*MATERIAL TO PROCESS*.
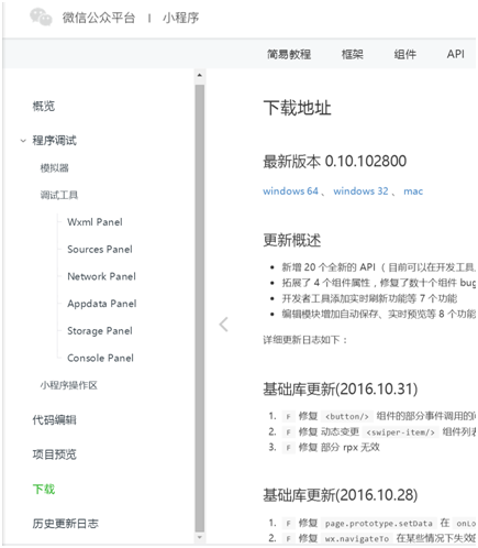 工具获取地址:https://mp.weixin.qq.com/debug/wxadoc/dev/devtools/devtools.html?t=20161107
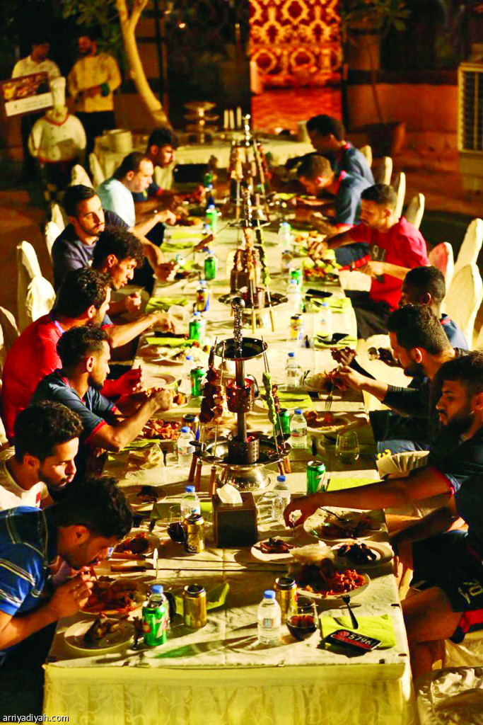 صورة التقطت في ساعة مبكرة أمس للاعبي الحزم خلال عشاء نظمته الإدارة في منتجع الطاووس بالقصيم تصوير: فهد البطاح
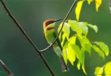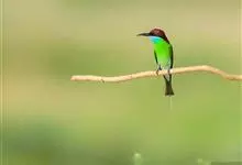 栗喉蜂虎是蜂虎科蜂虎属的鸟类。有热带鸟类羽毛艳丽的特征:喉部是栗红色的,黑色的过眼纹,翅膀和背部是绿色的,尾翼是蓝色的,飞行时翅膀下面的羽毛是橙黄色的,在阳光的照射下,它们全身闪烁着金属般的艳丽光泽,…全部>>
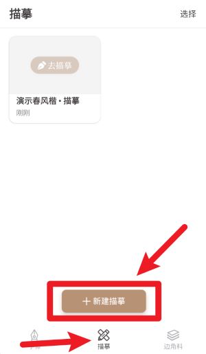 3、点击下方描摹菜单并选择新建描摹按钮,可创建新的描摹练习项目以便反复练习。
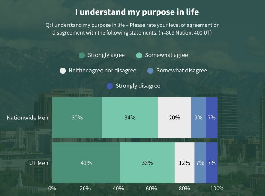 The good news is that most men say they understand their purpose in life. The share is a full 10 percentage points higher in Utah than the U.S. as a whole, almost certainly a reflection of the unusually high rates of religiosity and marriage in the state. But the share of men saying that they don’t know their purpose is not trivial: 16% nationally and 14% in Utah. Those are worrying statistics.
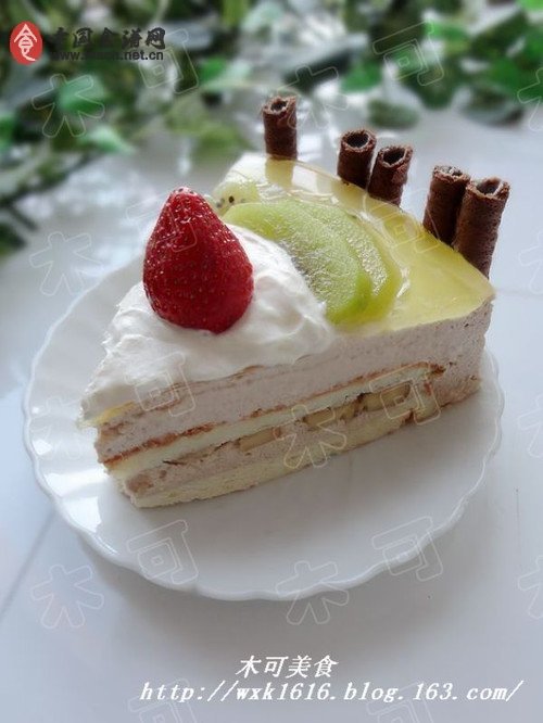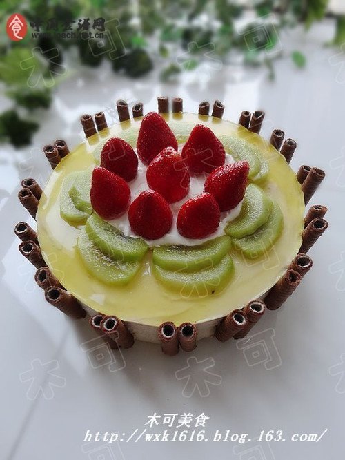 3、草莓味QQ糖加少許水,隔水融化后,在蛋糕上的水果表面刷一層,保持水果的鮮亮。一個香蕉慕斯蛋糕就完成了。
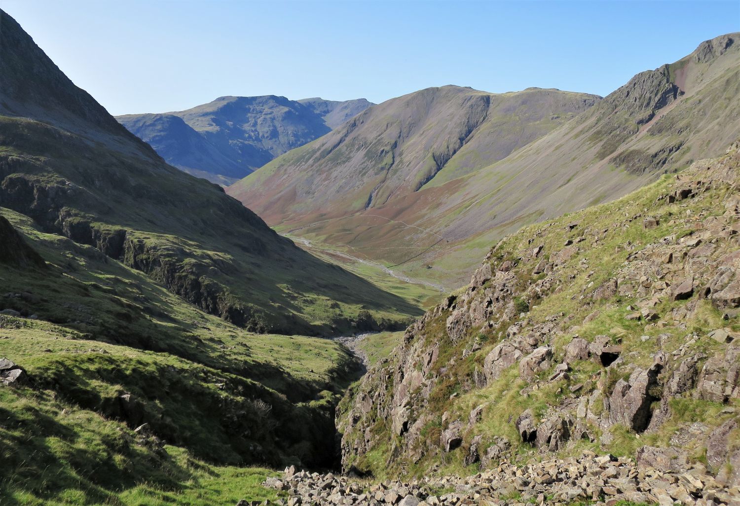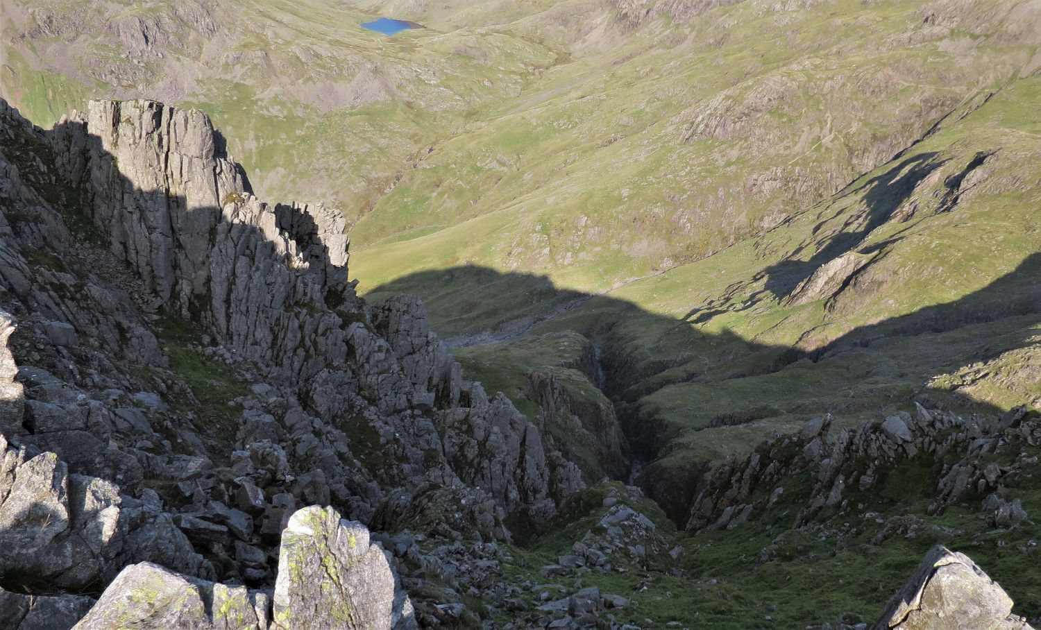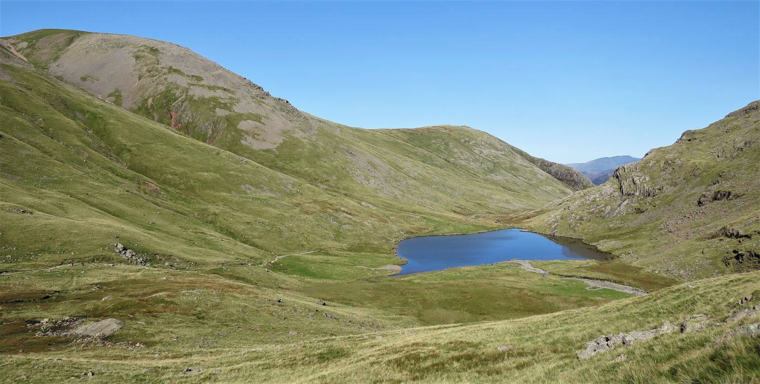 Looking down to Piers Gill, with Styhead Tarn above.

*WHAT THE TASK ASKS*.
All that should appear in the answer is the lines above from the line with "3、点击下方描摹菜单并选择新建描摹按钮,可创建新的描摹练习项目以便反复练习。" through the line with "3、草莓味QQ糖加少許水,隔", retyped exactly, pictures left out.

*YOUR SOLUTION*.
 3、点击下方描摹菜单并选择新建描摹按钮,可创建新的描摹练习项目以便反复练习。
 The good news is that most men say they understand their purpose in life. The share is a full 10 percentage points higher in Utah than the U.S. as a whole, almost certainly a reflection of the unusually high rates of religiosity and marriage in the state. But the share of men saying that they don’t know their purpose is not trivial: 16% nationally and 14% in Utah. Those are worrying statistics.
 3、草莓味QQ糖加少許水,隔水融化后,在蛋糕上的水果表面刷一層,保持水果的鮮亮。一個香蕉慕斯蛋糕就完成了。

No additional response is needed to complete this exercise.